Friday 1 July 2016

The Walled City of York

I've just started my first overseas trip in 22 years, and the first big vacation my wife and I have taken alone together since our honeymoon over 32 years ago. Wednesday/Thursday was something like 28 hours of travel with gaps waiting for the next mode of transportation, which I plan to forget about. Today was a wonderful walk around the old walled city of York.

Our apartment is about a block away from Monk Bar Gate.
 The roads and sidewalks are much narrower than back home, but wider than I had expected. Beyond the gate is a street full of shops, including an Italian restaurant where we ate dinner last night.

Our first target was Yorkminster Cathedral, the largest Gothic church north of the Alps.
We got there just in time for a tour, but had to leave it about 3/4 of the way through to make it to a communion service in one of the chapels.  We did learn a lot from a wonderfully entertaining guide, and after the service did a bit of exploring on our own before lunch. We need to go back to visit the undercroft in a day or two; our tickets are good for a full year. Seeing the nave in its natural state is going to have to wait, because it was full of a stage and seats for a series of plays.

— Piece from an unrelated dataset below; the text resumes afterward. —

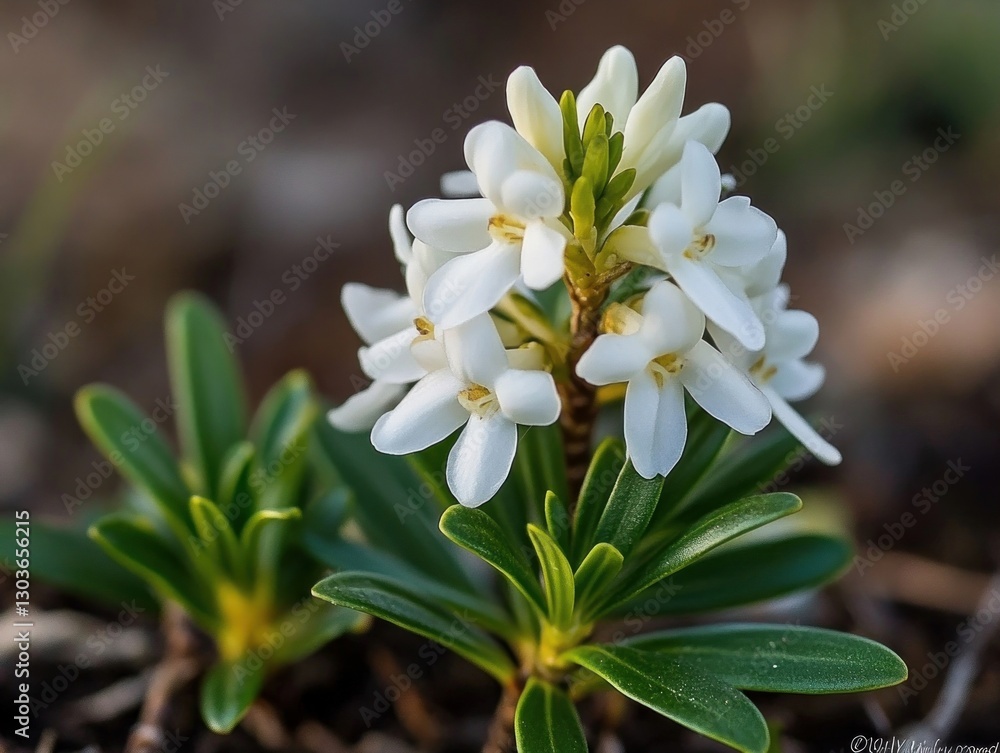 • blooming Daphne flower in early spring, its white petals deeply contrasted against a dark, earthy surroundings

After lunch we walked along a good chunk of the old wall. We meant to walk all of it, but got confused at a big gap where you couldn't see the next section beyond the buildings, and so missed one of the three sections. It was a much longer walk than I've done for a while, and there was one place where I nearly turned around to head back, but I did make it all the way around to our starting point.
This is one of the less tall sections of wall, perhaps about 10 feet. Maybe they didn't expect the Scots to invade from that direction.

While trying to find the second section of wall we passed Clifford's Tower, the only remaining bit of William  the Conqueror's castle.
We ate dinner in a pub about a block before the end of the wall circuit.

Tomorrow we go on a personal guided tour of the Yorkshire Dales, the site of the real-world events described in the James Herriot novels.